Skip directly to site content Skip directly to page options Skip directly to A-Z link Skip directly to A-Z link Skip directly to A-Z link
Volume 26, Number 10—October 2020
Research Letter

Retrospective Screening for SARS-CoV-2 RNA in California, USA, Late 2019

Author affiliations: Stanford University School of Medicine, Stanford, California, USA (C.A. Hogan, N. Garamani, M.K. Sahoo, C. Huang, J. Zehnder, B.A. Pinsky); Stanford Health Care, Palo Alto, California, USA (C.A. Hogan, B.A. Pinsky)

Cite This Article

Abstract

To investigate the possibility of earlier cases of severe acute respiratory syndrome coronavirus 2 infection than previously recognized, we retrospectively tested pooled samples from 1,700 persons with respiratory signs/symptoms seen at Stanford Health Care, Palo Alto, California, USA, during the last 2 months of 2019. We found no evidence of earlier infection.

Phylogenetic analyses of severe acute respiratory syndrome coronavirus 2 (SARS-CoV-2) suggest virus emergence weeks, if not months, before the World Health Organization was notified of the original cluster of cases in Wuhan, China (1). These analyses have estimated that SARS-CoV-2 emerged from October 6, 2019, through December 11, 2019 (2). Given this timeline, interest in retrospectively identifying patient zero in different geographic areas has been growing, to better determine the spread of SARS-CoV-2 and to inform current and future surveillance strategies for emerging infectious diseases.

Given the high volume of international travel before implementation of travel restrictions, travel-associated coronavirus disease (COVID-19) cases may have occurred in the United States earlier than previously recognized (3). However, monitoring for early community transmission of SARS-CoV-2 in the United States was challenging because the clinical manifestations of COVID-19 are similar to those of other respiratory virus infections, and emergence of COVID-19 overlapped with the annual respiratory virus season. In addition, local COVID-19 case finding and contact tracing efforts were limited by strict indications for testing based on specific risk factors, coupled with limited testing capacity (4,5).

A case of COVID-19 in the San Francisco Bay area, California, was confirmed by autopsy on February 6, 2020. To determine whether the virus had been spreading earlier than previously recognized in northern California, we extended our recently reported pooled screening strategy (4) to a retrospective study that included the last 2 months of 2019.

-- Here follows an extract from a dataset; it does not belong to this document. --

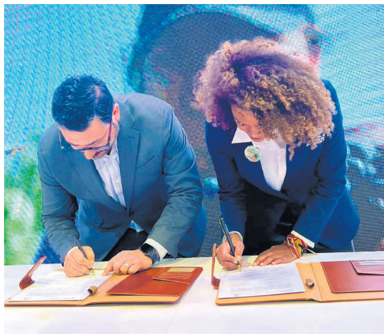
Este acuerdo es un paso significativo hacia la promoción de Cali como un destino turístico vibrante y acogedor para visitantes de todo el mundo.

alianza surge durante la destacada participación de Cali en Fitur, España, con un propósito firme: fortalecer la imagen de Cali como auténtica ‘Ciudad Creativa’.

Our study evaluated all nasopharyngeal swab samples collected October 31, 2019–December 31, 2019, at Stanford Health Care (Palo Alto, California, USA) for which sufficient residual sample volume was available. These samples were collected from inpatients and outpatients who had had negative routine respiratory virus test results (Respiratory Pathogen Panel; GenMark Diagnostics, https://www.genmarkdx.com, or Xpert Xpress Flu RSV; Cepheid, https://www.cepheid.com) and had not been tested for SARS-CoV-2. Pool size was determined after literature review, accounting for an expected prevalence of <1% (6,7). Pools were created by combining 10 nasopharyngeal samples, and screening was performed by real-time reverse transcription PCR targeting the nucleocapsid gene (region N2) (8). We extracted demographic characteristics for a randomly selected subset of 100 persons. Trends of routine respiratory virus positivity were examined for the same period covered by the retrospective SARS-CoV-2 testing. This study was approved by the Stanford institutional review board, and individual patient consent was waived.

We tested 1,700 individual nasopharyngeal specimens (170 pools) for SARS-CoV-2. Of these, 841 samples had previously tested negative by the Respiratory Pathogen Panel and 859 by the Xpert Xpress Flu RSV. From the subset of persons for whom demographic data had been analyzed, most (67%) were adults. Most (64%) persons had consulted the emergency department for testing, followed by an outpatient clinic (23%) or an inpatient ward (13%). No SARS-CoV-2–positive pools were identified. The study period corresponded to the onset of the 2019–2020 respiratory virus season, during which the number of cases of influenza A, influenza B, and respiratory syncytial virus increased and the frequency of other seasonal viruses varied (Appendix Figure) according to testing of separate samples collected during the same period as the study.

Pooled testing of 1,700 nasopharyngeal samples collected from persons in Palo Alto, California, who had respiratory signs/symptoms during the last 2 months of 2019 detected no case of COVID-19. This study and previous studies indicate that in the San Francisco Bay area, symptomatic persons without risk factors and with a SARS-CoV-2 infection diagnosis began seeking medical attention at the end of February 2020 (9,10).

Our study is limited by sampling from a single institution, corresponding to a population that may not be representative of the underlying area as a whole. Further retrospective SARS-CoV-2 reverse transcription PCR screening using specimens collected at other institutions throughout the United States will be needed to fully determine early community transmission. Our research will complement phylogenetic viral sequence analysis and large-scale seroprevalence studies to characterize the regional and national emergence of SARS-CoV-2. It is possible that use of pooled testing led to lower sensitivity; however, pool sizes of 10 samples maintain high performance compared with individual samples. Given that we included only samples negative for conventional respiratory viruses, we cannot exclude the possibility that we missed cases of SARS-CoV-2 co-infection with another respiratory virus.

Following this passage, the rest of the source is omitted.